Visualize the IO source thanks to Tableau and AWR

As you know, the wait event “db file sequential read” records “single block” IO performed outside the database buffer cache. But does the IO come from:

Filesystem cache (If any and used)
Disk Array cache
SSD
Spindle Disks
…..

It could be interesting to visualize the distribution of the IO source:

Should you migrate from a cached filesystem to ASM (You may need to increase the database cache to put the previous Filesystem cached IOs into the database cache).
Should you use Dynamic Tiering and want to figure out where the IOs come from (SSD, Spindle Disks..).

To do so, I’ll use the AWR data coming from the dba_hist_event_histogram view and Tableau. I’ll also extract the data coming from dba_hist_snapshot (to get the begin_interval_date time).

alter session set nls_date_format='YYYY/MM/DD HH24:MI:SS';  
alter session set nls_timestamp_format='YYYY/MM/DD HH24:MI:SS';

select * from dba_hist_event_histogram where  
snap_id >= (select min(snap_id) from dba_hist_snapshot  
where begin_interval_time >= to_date ('2014/06/01 00:00','YYYY/MM/DD HH24:MI'))  
and event_name='db file sequential read';

select * from dba_hist_snapshot where begin_interval_time >= to_date ('2014/06/01 00:00','YYYY/MM/DD HH24:MI');  

As you can see, there is no computation. This is just a simple extraction of the data.

Then I put those data into 2 csv files (awr_snap_for_june.csv and awr_event_histogram.csv).

1) Now, launch Tableau and select the csv files and add an inner join between those files:

Screen Shot 2014-06-28 at 13.45.19

2) Go to the worksheet and put the “begin interval time” dimension into the “column” and change it to an “exact date” (Instead of Year):

Screen Shot 2014-06-28 at 13.48.13

3) Put the “Wait count” measure into the “Rows” and create a table calculation on it:

Screen Shot 2014-06-28 at 13.55.33

Choose “difference” as the “WAIT_COUNT” field is cumulative and we want to see the delta between the AWR’s snapshots.

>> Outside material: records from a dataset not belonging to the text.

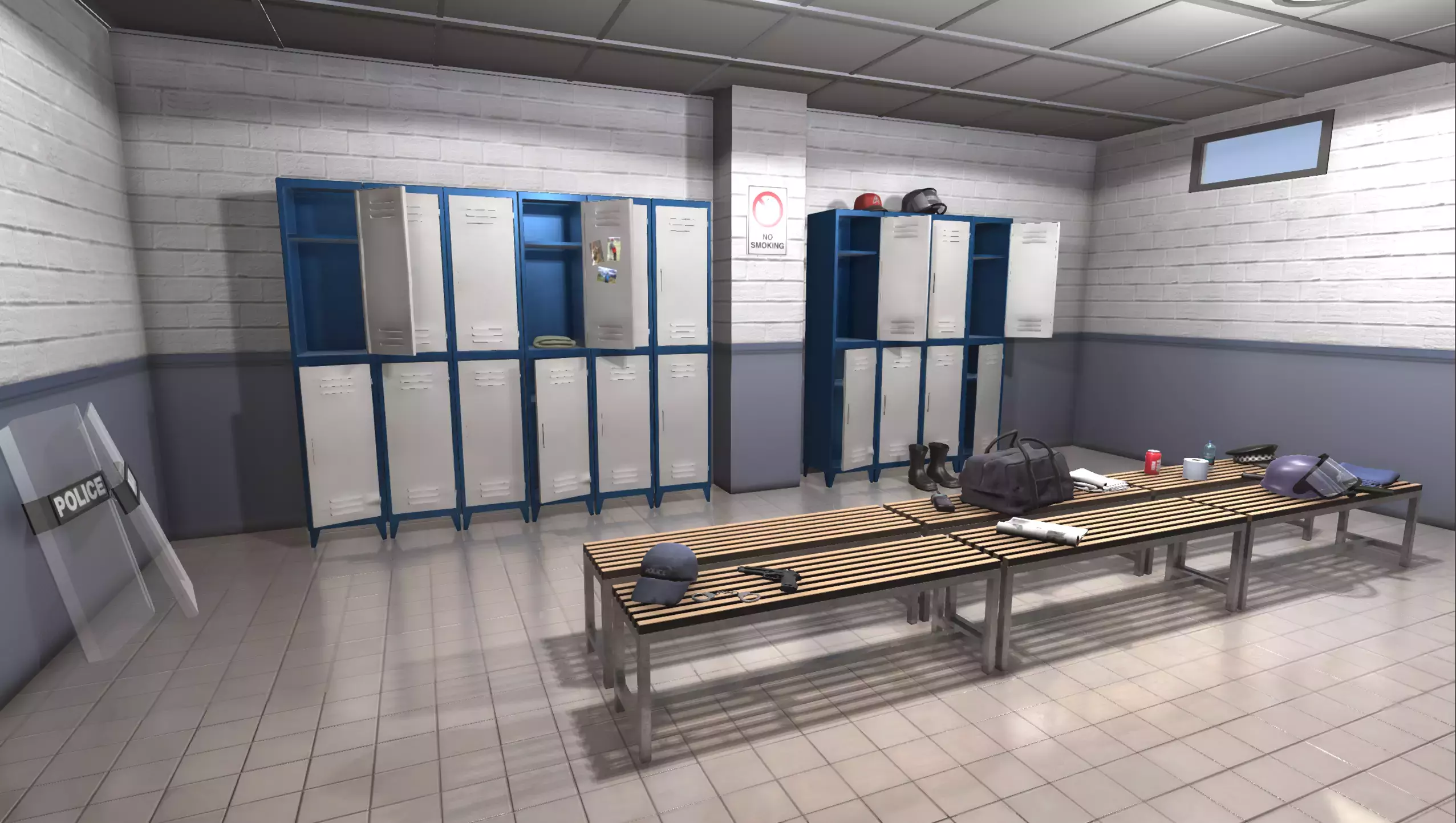 Интерьер раздевалки полицейского участка. Здесь есть мебель, такая как скамейки, шкафчики и различные предметы, которые можно было бы найти в настоящей раздевалке, такие как полотенца, ботинки и полицейские предметы, такие как пистолет, рация, дубинка, наручники, шлем и фуражки. Есть также другие модели, такие как мусорное ведро, сумка, информационные материалы.....Все модели являются низкополигональными и могут использоваться в играх и приложениях. Наше последнее обновление было протестировано для виртуальной реальности
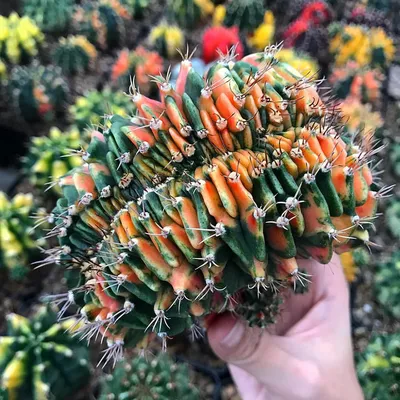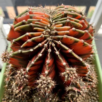 Кристатный (гребенчатый) кактус — это растение с аномалией роста, при которой конус нарастания превращается в линию или полосу. Пожалуйста, имейте в виду, что кристатность через семенное размножение проявляется очень редко.
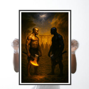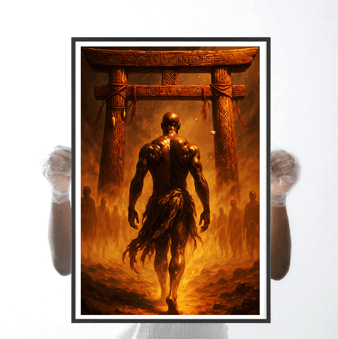 A Warrior’s Odyssey: Fire, Blood & Spirit is a 12‑piece mythic exhibition that follows the journey of a lone warrior through trials of fire, shadow, beast, and spirit. Each Path reveals not only his struggle but the covenant between mortal flesh and divine ancestry. Presented in cinematic mythic realism, the series combines narrative, visual, and voice to immerse the viewer in a timeless odyssey.
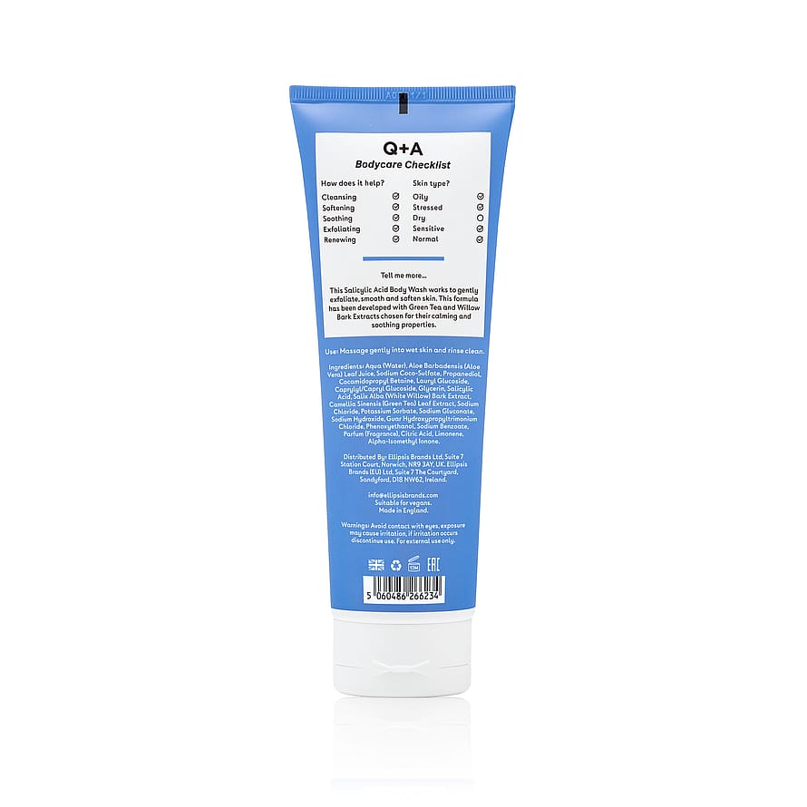 Salicylic Acid Body Wash fra Q+A er en kropssæbe med salicylsyre, der skånsomt eksfolierer, udglatter og blødgør huden.

4) My graph now looks like:

Screen Shot 2014-06-28 at 14.02.38

The Jun 14 and Jun 20 the database has been re-started and then the difference is < 0.

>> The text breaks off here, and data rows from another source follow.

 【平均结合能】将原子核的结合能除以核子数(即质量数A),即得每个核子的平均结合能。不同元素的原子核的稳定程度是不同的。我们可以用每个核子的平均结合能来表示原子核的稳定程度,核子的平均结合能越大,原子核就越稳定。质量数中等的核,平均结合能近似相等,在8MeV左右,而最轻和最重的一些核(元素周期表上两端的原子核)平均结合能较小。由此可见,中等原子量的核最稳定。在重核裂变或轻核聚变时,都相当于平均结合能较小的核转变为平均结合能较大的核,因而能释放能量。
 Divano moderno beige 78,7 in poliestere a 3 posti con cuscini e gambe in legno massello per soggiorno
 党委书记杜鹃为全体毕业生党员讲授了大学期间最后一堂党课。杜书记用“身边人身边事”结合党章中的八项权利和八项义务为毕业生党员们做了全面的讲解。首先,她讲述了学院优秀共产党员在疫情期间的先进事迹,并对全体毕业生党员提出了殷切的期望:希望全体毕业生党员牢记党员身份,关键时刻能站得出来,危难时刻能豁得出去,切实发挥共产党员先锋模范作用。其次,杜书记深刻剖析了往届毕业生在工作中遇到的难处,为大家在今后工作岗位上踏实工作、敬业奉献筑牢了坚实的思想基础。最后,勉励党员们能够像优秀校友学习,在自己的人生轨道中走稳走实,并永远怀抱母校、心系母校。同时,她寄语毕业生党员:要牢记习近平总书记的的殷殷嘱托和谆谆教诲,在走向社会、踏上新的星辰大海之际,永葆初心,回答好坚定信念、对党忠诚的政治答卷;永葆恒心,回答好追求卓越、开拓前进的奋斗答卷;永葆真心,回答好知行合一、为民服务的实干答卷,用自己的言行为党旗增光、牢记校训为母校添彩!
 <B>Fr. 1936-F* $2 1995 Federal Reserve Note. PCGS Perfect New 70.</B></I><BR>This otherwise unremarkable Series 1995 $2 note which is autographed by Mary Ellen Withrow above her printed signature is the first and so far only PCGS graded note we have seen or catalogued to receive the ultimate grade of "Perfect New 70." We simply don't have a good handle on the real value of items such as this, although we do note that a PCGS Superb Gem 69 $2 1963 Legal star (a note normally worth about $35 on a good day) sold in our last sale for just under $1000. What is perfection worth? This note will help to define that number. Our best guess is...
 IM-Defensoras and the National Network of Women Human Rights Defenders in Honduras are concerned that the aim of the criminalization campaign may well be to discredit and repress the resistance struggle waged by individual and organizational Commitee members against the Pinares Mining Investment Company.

5) Let’s modify the formula to take care of database restart into the delta computation:

Screen Shot 2014-06-28 at 14.04.31

Customize

Screen Shot 2014-06-28 at 14.05.19

Name: “Delta Wait Count” and change ZN(SUM([Wait Count])) - LOOKUP(ZN(SUM([Wait Count])), -1) to max(ZN(SUM([Wait Count])) - LOOKUP(ZN(SUM([Wait Count])), -1),0):

Screen Shot 2014-06-28 at 14.07.17

So that now the graph looks like:

Screen Shot 2014-06-28 at 14.09.11

6) Now we have to “split” those wait count into 2 categories based on the wait_time_milli measure coming from dba_hist_event_histogram. Let’s say that:

“db file sequential read” <= 4 ms are not coming from spindle disks (So from caching, SSD..).
“db file sequential read” > 4 ms are coming from spindle disks.

Let’s implement this in tableau with a calculated field:

Screen Shot 2014-06-28 at 14.18.36

Name: “IO Source” and use this formula:

Screen Shot 2014-06-28 at 14.21.23

Feel free to modify this formula according to your environment.

Now take the “IO Source” Dimension and put it into the Color marks:

Screen Shot 2014-06-28 at 14.23.37

So that we can now visualize the IO source repartition:

Screen Shot 2014-06-28 at 14.25.08

Remarks:

Karl Arao presented another example usage of Tableau into this blog post.
Should you need to retrieve ”db file sequential read” buckets < 1 ms, then you can use oracle_trace_parsing from Kyle Hailey.

Update 1: Example of oracle_trace_parsing usage into “Oracle “Physical I/O” ? not always physical” blog post.

Update 2: Another way to retrieve “db file sequential read” buckets < 1 ms (With external tables this time) into Nikolay Savvinov blog post.